The Hancock® Valved Conduit for Right Ventricular Outflow Tract Reconstruction in Sheep for Assessing New Devices

John P. Carney, Lindsey M. Zhang, Jeffrey J. Larson, Matthew T. Lahti, Nicholas A. Robinson, Agustin P. Dalmasso, Richard W. Bianco

Research output: Contribution to journalArticlepeer-review

8 Scopus citations


BACKGROUND AND AIM OF THE STUDY: Xenograft conduits have been used successfully to repair congenital heart defects, but are prone to failure over time. Hence, in order to improve patient outcomes, better xenografts are being developed. When evaluating a conduit's performance and safety it must first be compared against a clinically available control in a large animal model. The study aim was to evaluate a clinically available xenograft conduit used in right ventricular outflow tract (RVOT) reconstruction in a sheep model.

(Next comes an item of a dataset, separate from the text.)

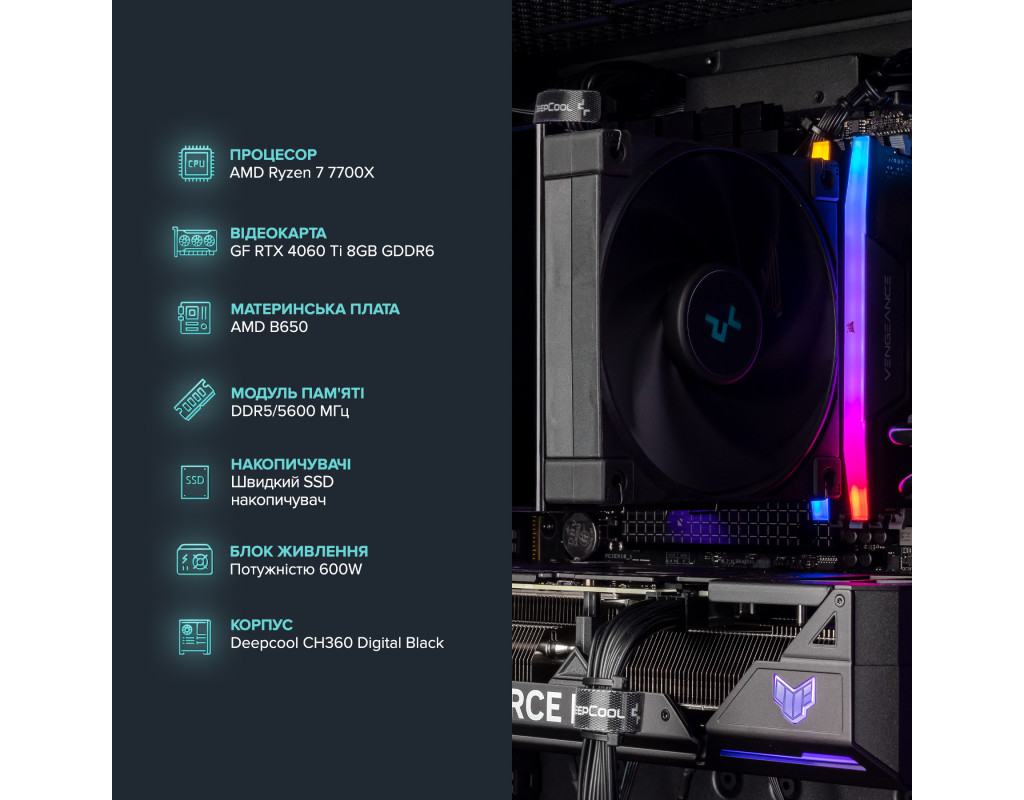 Персональний комп`ютер ASGARD (A77X.32.S10.46T.5208); AMD Ryzen 7 7700X (4.5 - 5.4 ГГц) / ОЗП 32 ГБ / SSD 1 ТБ / NVIDIA GeForce RTX 4060 Ti 8 ГБ / без ОП / LAN / Ubuntu / чорний

METHODS: RVOT reconstruction was performed in 13 adult and juvenile sheep, using the Medtronic Hancock® Bioprosthetic Valved Conduit (Hancock conduit). The method had previously been used on patients, and a newly modified variant termed 'RVOT Extraction' was employed to facilitate the surgical procedure. Animals were monitored over predetermined terms of 70 to 140 days. Serial transthoracic echocardiography, intracardiac pressure measurements and angiography were performed. On study completion the animals were euthanized and necropsies performed.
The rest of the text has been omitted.